Law enforcement agencies not only uses data collected by private firms, they also use corporate IT platforms and proprietary software applications (e.g., Palantir, Microsoft, Amazon) to store, share and analyze data. Palantir provides an interface that runs on top of other data systems, including legacy systems, making it possible to link data points across separate systems.
Source: Sarah Brayne (2020) Predict and Surveil: Data, Discretion, and the Future of Policing, Oxford University Press, pp. 24-25, 41-42.
They can purchase data from 3rd parties, but it is a felony to wiretap someone without the government asking you to. You need the user's cooperation to install an app with a nasty ToS or something of that nature. Lots of people are using VPNs too. This section is, from what I understand, what allowed them to add a "gag order" to the surveillance demand to companies as well? If they want google or apple to spy on someone without a warrant, this is the only way to force them without them making that information known to the public.

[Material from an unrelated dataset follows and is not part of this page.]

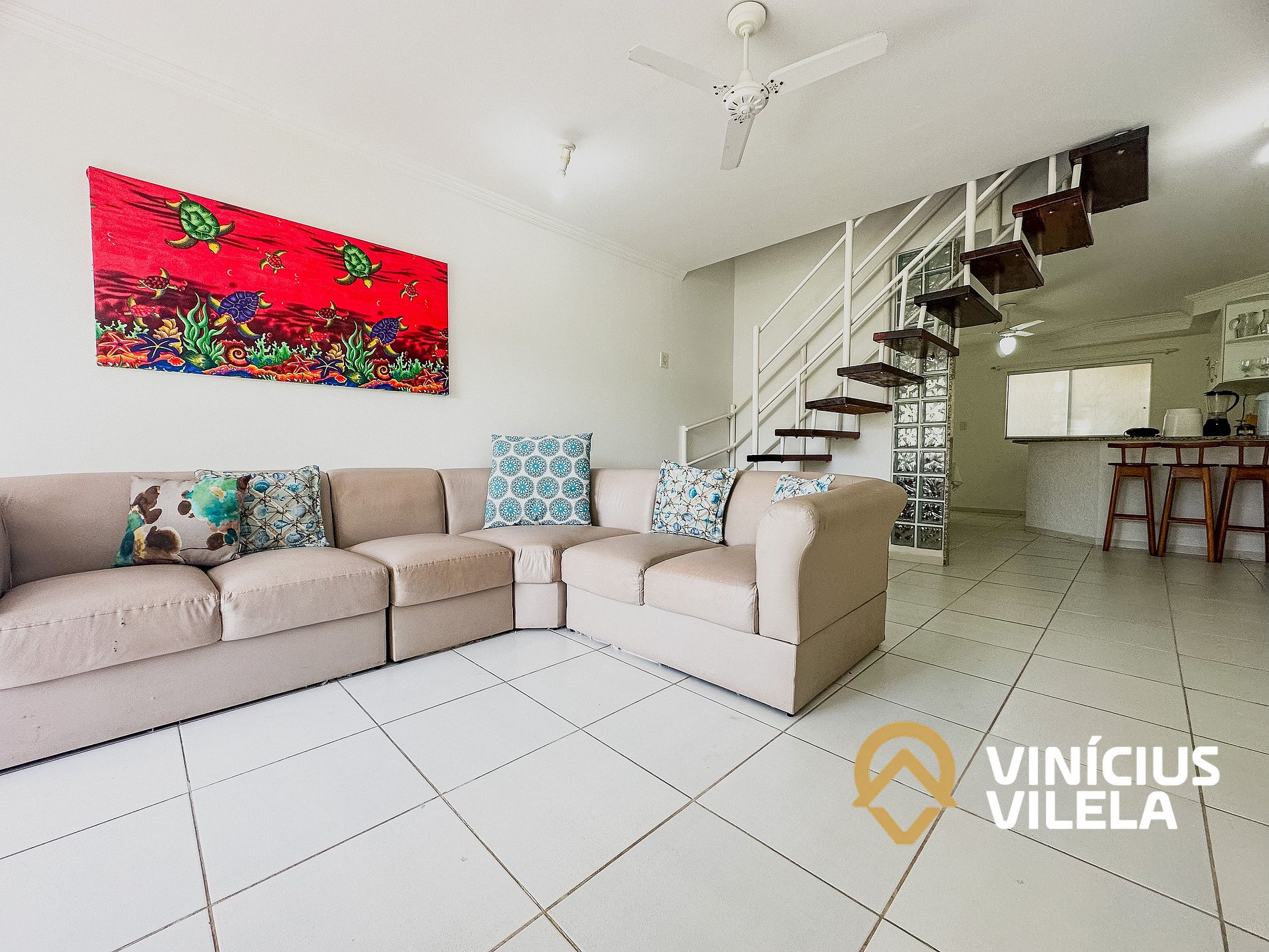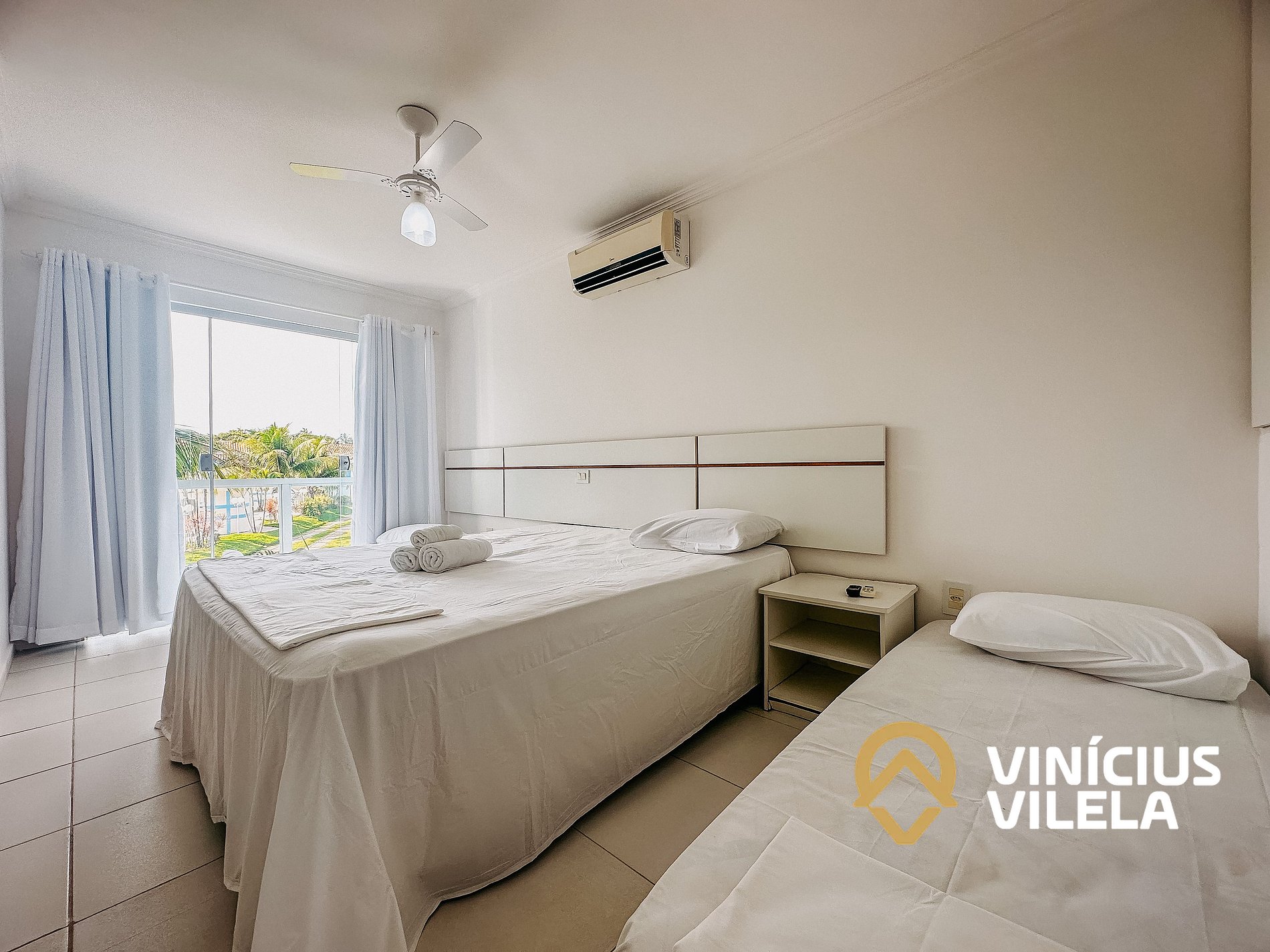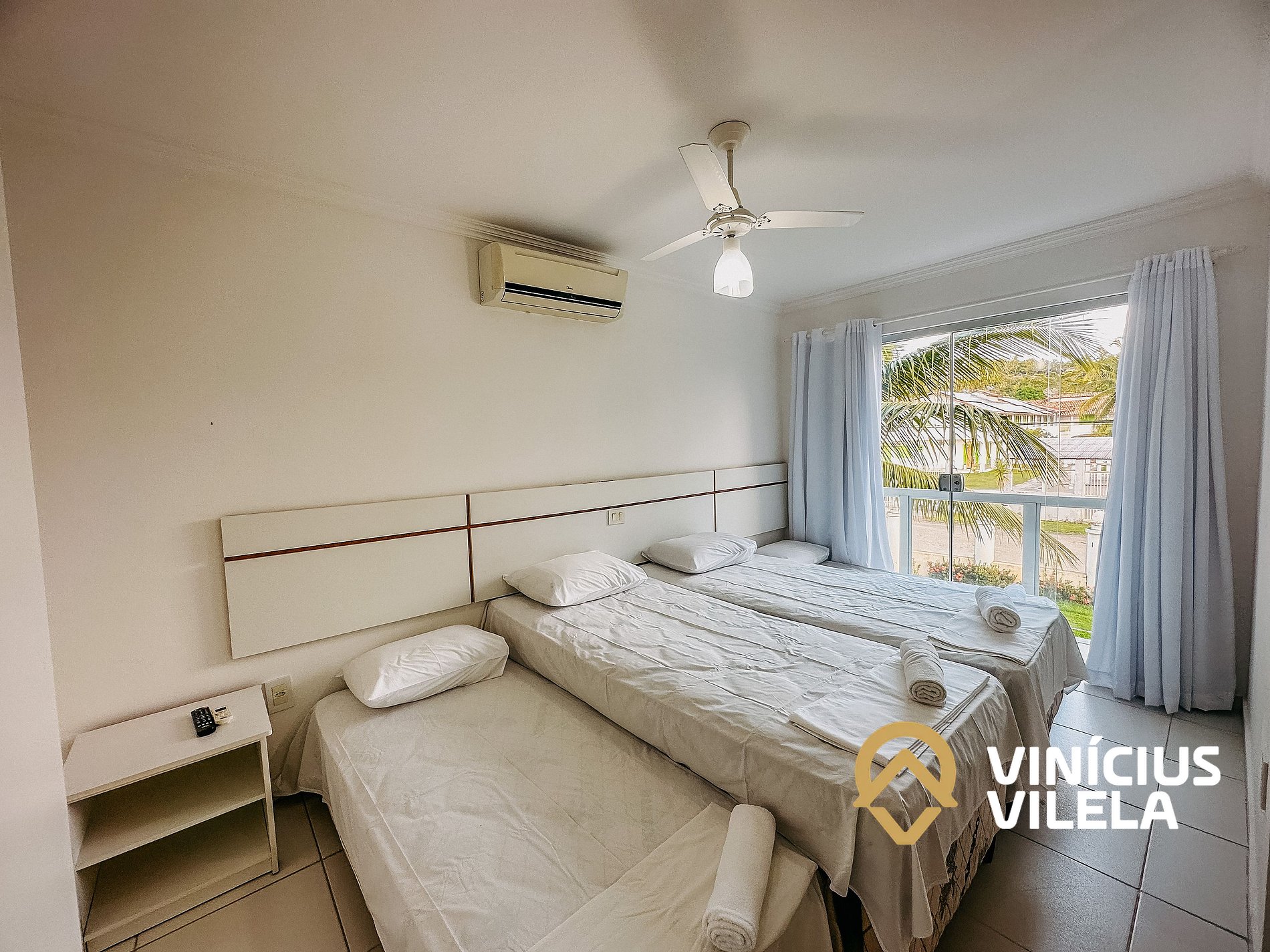 As 2 suítes no pavimento superior possuem ar condicionado, ventilador de teto,

oh wait, it could still be renewed/recreated
> Democrats have refused to back an extension of Section 702 unless Trump reverses his decision to name Pulte as acting DNI
I guess it's their only card to play but still, how about no warrantless anything considering there's a Constitution and all that
or it is actually doing an end-run around laws against governments doing the surveillance themselves, instead they get private companies to do it and then it's perfectly legal to buy the data
just like government buys cellphone tracking data and mortgage data from private brokers when there are laws blocking them doing it directly
As far as I'm aware, there is a short list of sworn representatives (we actively chose) who have a perfect or near-perfect voting record against it, and everyone else do not. Those people are Sens. Ron Wyden (D-OR), Rand Paul (R-KY), Bernie Sanders (I-VT), Elizabeth Warren (D-MA) and Reps. Thomas Massie (R-KY), Andy Biggs (R-AZ), Warren Davidson (R-OH), Chip Roy (R-TX) and Pramila Jayapal (D-WA)
They are interchangeable pieces these days.